Real World Data 01

Return to Topics page
We will take a small detour from the main path of the course. So far we have seen multiple uses of the gnrnd4 function to generate data that we can then use in an RStudio session. A reasonable question that may have been in your mind would be "Is gnrnd4 of use beyond this course?" The answer is, "Yes, but only if you are teaching a similar course."

I use gnrnd4 because it allows me to generate different kinds of data based on two or three key values. Furthermore, using those key values, the same data values can be generated on my web page, in your RStudio session, or even on a TI-83/84 calculator by using a version of the gnrnd4 program within the web page, within your RStudio session, or on a TI-83/84 calculator, respectively. All of that means that you as a student, in general, do not have to type in a long list of data and I as an instructor can have you work with data that is more than just of few items long.

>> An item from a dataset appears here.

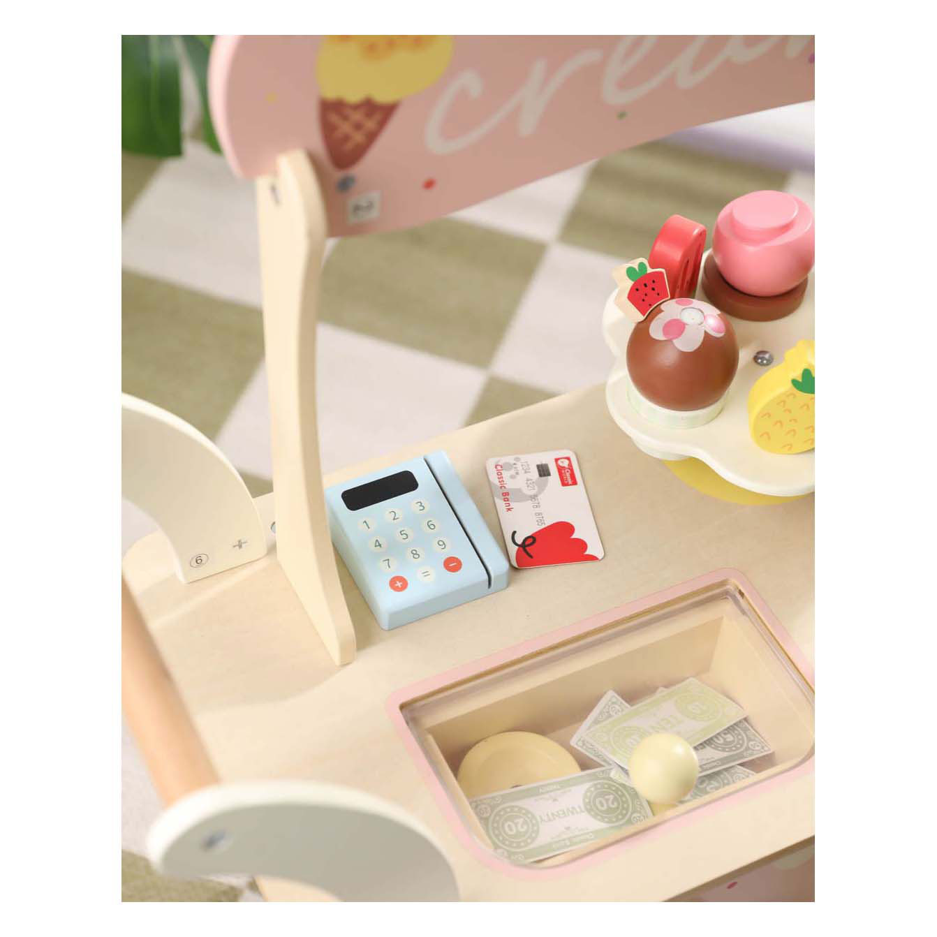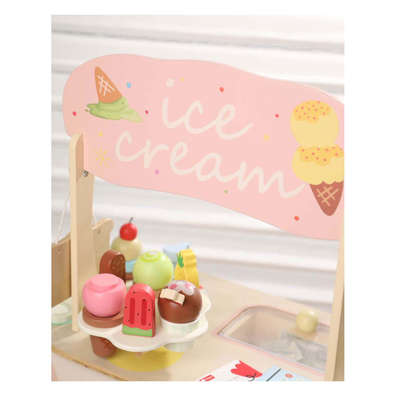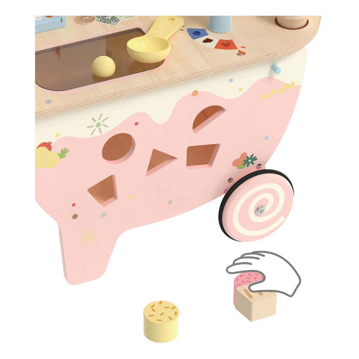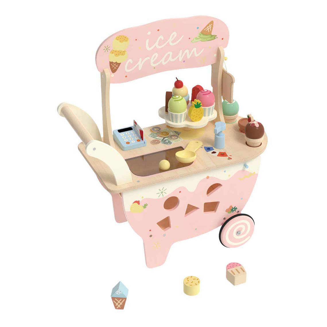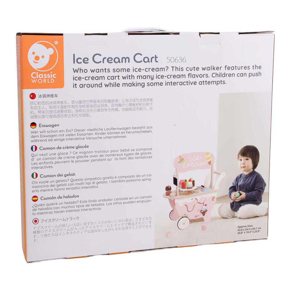 Classic World houten ijskar met verschillende ijsjes en accessoires. Kinderen kunnen rondrijden met de kar en hun eigen ijsjes verkopen tijdens het spelen. De set bestaat uit 40 onderdelen en is gemaakt van hout. Geschikt voor kinderen vanaf 3 jaar oud. Een vrolijke speelset voor rollenspel.

In the real world, the data that we want to use, for either descriptive or for inferential statistics, will most likely need to be read into a RStudio session. For example, back in an earlier page, toward the bottom of the page, we were given a revised link to a site that provides financial data for Washtenaw County. Figure 1 shows a part of that page.

Figure 1

If you click the link on that page, namely, https://www.washtenaw.org/584/Open-Book, you get a new page that contains, among other links, this link to Credit Card Charges:

Figure 1a

Clicking on the Credit Card Charges takes us to the links shown in Figure 2. This data is provided to anyone who wants it as part of an effort to keep the county's financial records open to the public. We will use the 2015 Credit Card Charges to demonstrate processing "real data" rather than the data that we get in this course by using gnrnd4.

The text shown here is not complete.